The Eye-C Taglists app for Google Android can stream to Apple's AirPlay devices.
Apple's Airplay, a proprietary method for zapping music all through your house without running wires everywhere, is expanding beyond the realm of iOS devices. Could it be on its way to becoming an industry standard - one that would allow Apple to charge the same sort of licensing fees for wireless music connections that it does today for speaker docks and other devices that connect to its proprietary iPhone/iPod/iPad slots?
We first spotted this trend in MOG's Mac app, which can send tunes to AirPlay-capable speakers and stereo systems as well as Apple's own AirPort Express and Apple TV, without requiring a workaround like Rogue Amoeba AirFoil.
Now, Eyecon Resources has taken things to the next level with an Android media player app that can send music to Apple's AirPlay devices, as well as anything that supports DLNA (Digital Living Network Alliance).
Eye-C for Android and iPhone, released on Tuesday, let users create shareable "Taglists" out of music, photos, and videos on SoundCloud, YouTube, Picasa, Facebook, or their own music libraries.
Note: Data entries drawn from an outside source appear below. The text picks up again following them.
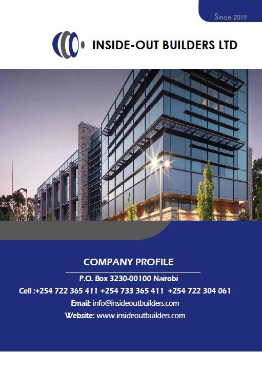 The undersigned reader of Inside-Out Builders Ltd Company Profile hereby acknowledges that the information provided is Completely Confidential and therefore the reader agrees not to unsolicitedly share anything found in this document without the express written consent of Lazarus Nick Ogembo or Shareholders - Benjamin Barrack & Festus Millonde. It is also acknowledged by the reader that the information to be furnished in this Company Profile is in all Aspects Confidential in Nature, other than information that is in the public domain through other means and that any disclosure or use of the same by the reader may cause serious harm and or damage to Inside-Out Builders Limited. Upon request, the Company Profile document will be immediately returned to any of the above Names.
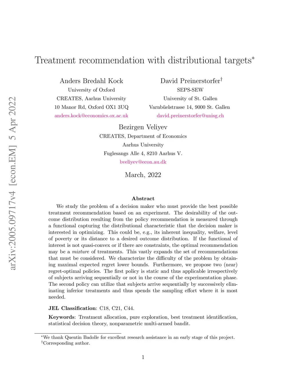 We study the problem of a decision maker who must provide the best possible treatment recommendation based on an experiment. The desirability of the outcome distribution resulting from the policy recommendation is measured through a functional capturing the distributional characteristic that the decision maker is interested in optimizing. This could be, e.g., its inherent inequality, welfare, level of poverty or its distance to a desired outcome distribution. If the functional of interest is not quasi-convex or if there are constraints, the optimal recommendation may be a mixture of treatments. This vastly expands the set of recommendations that must be considered. We characterize the difficulty of the problem by obtaining maximal expected regret lower bounds. Furthermore, we propose two (near) regret-optimal policies. The first policy is static and thus applicable irrespectively of subjects arriving sequentially or not in the course of the experimentation phase. The second policy can utilize that subjects arrive sequentially by successively eliminating inferior treatments and thus spends the sampling effort where it is most needed.
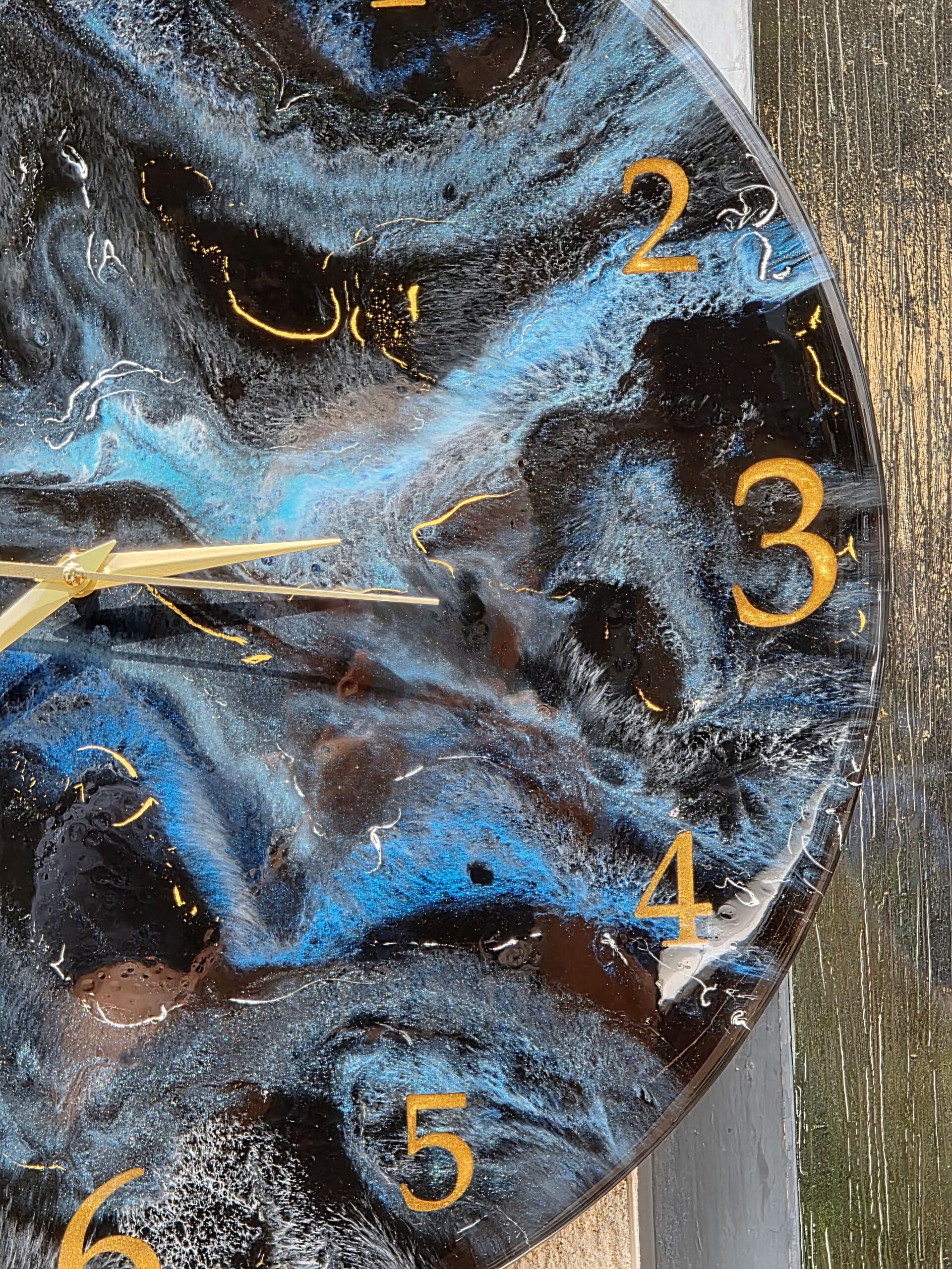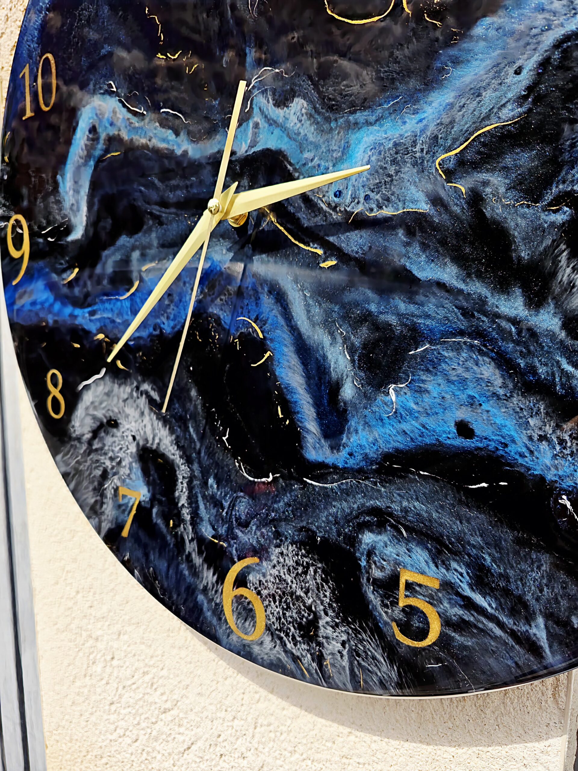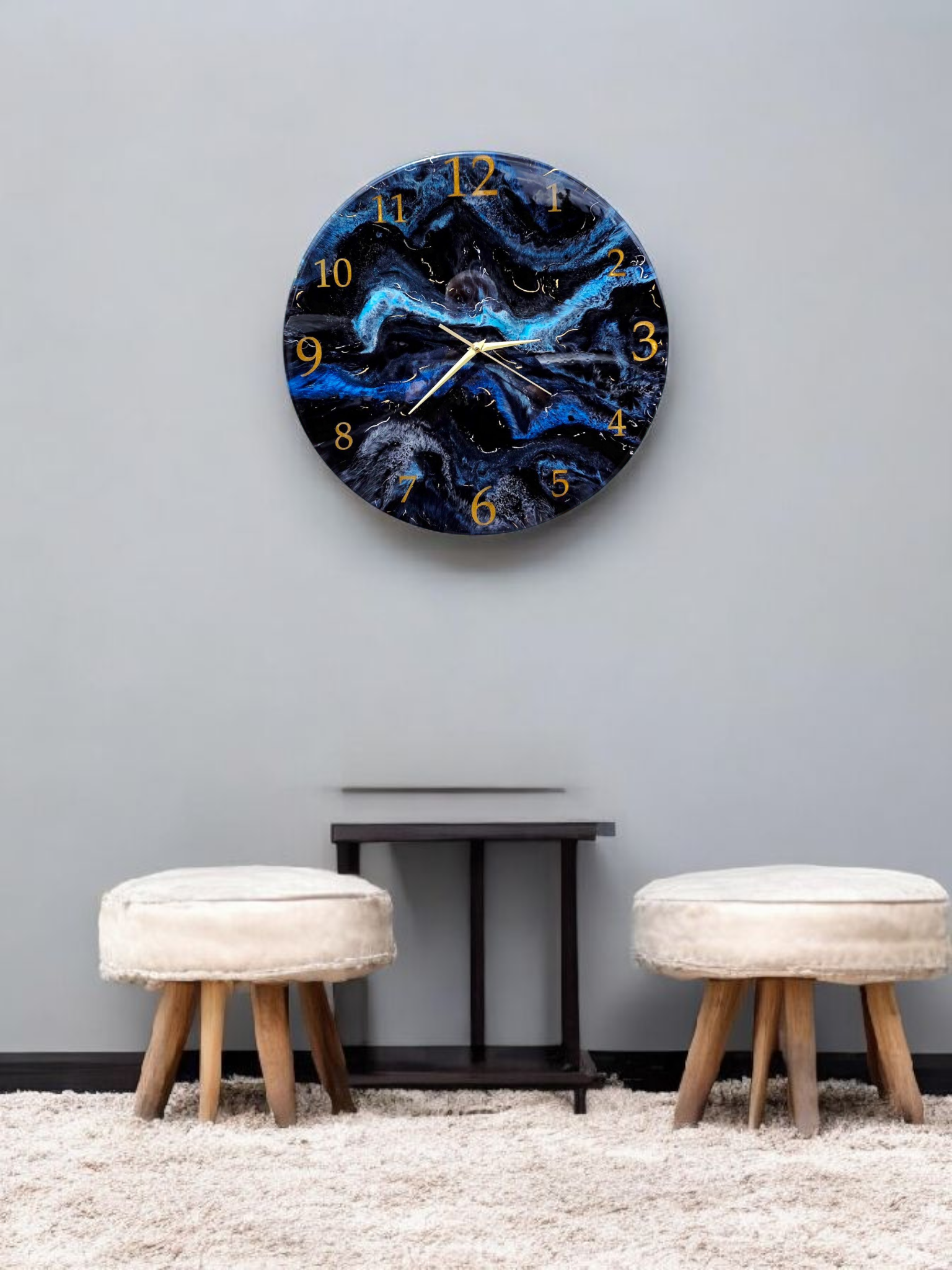 Transform your space with this stunning resin wall clock in ocean blue and gold abstract art — a perfect blend of modern design and functional elegance. Handcrafted with care, this **20-inch round clock** features a mesmerising abstract pattern created with epoxy resin, showcasing rich black, vibrant blue, and shimmering gold foil accents that evoke the beauty of ocean waves and golden sunlight.
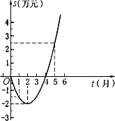 为了顺应市场要求,无为县花炮厂技术部研制开发一种新产品,年初上市后,公司经历了从亏损到盈利的过程.下面的二次函数图象(部分)刻画了该厂年初以来累积利润s(万元)精英家教网与销售时间t(月)之间的关系(即前t个月的利润总和s和t之间的关系).根据图象提供的信息,解答下列问题:

But for now, what interests us is the Android version's magical ability to send music to AirPlay devices. After all, Android and iOS are bitter enemies.
Evolver.fm asked Eye-C vice president of marketing Alec Marshall, who holds the patent for the app and used to work on Apple's iTunes team, how the Eye-C team managed to send music from Google-powered phones to Apple-powered devices.
"Our team has about two years experience developing for connected home systems, including local media server systems and DLNA and Airplay networks," explained Marshall. "I'd imagine building the Android feature would be extremely difficult for an organization that didn't come from a background similar to ours."
Difficult, but not impossible.
"What Android users can expect is a very clean way to play music and video from their phone to both DLNA and Airplay devices," he added. "Apple is putting a lot of work into expanding AirPlay support, and I'd expect to see growth in this space – we're already noticing a significant increase in home theater receivers, iPod docks, and other devices that aren't manufactured by Apple but that do connect to AirPlay networks. This new feature allows Android users an opportunity to get in on this easy-to-use connected home system, playing music and video to systems that sound great."
We agree that the future is rosy for AirPlay. If you thought the iPod speaker dock market was huge over the past ten years, just wait until the idea of zapping music wirelessly from smartphones and tablets to televisions, speakers, and sound systems all over the house becomes similarly mainstream.
The big question: With Apple poised to dominate yet another area of digital music, why is Google sleeping on Fling?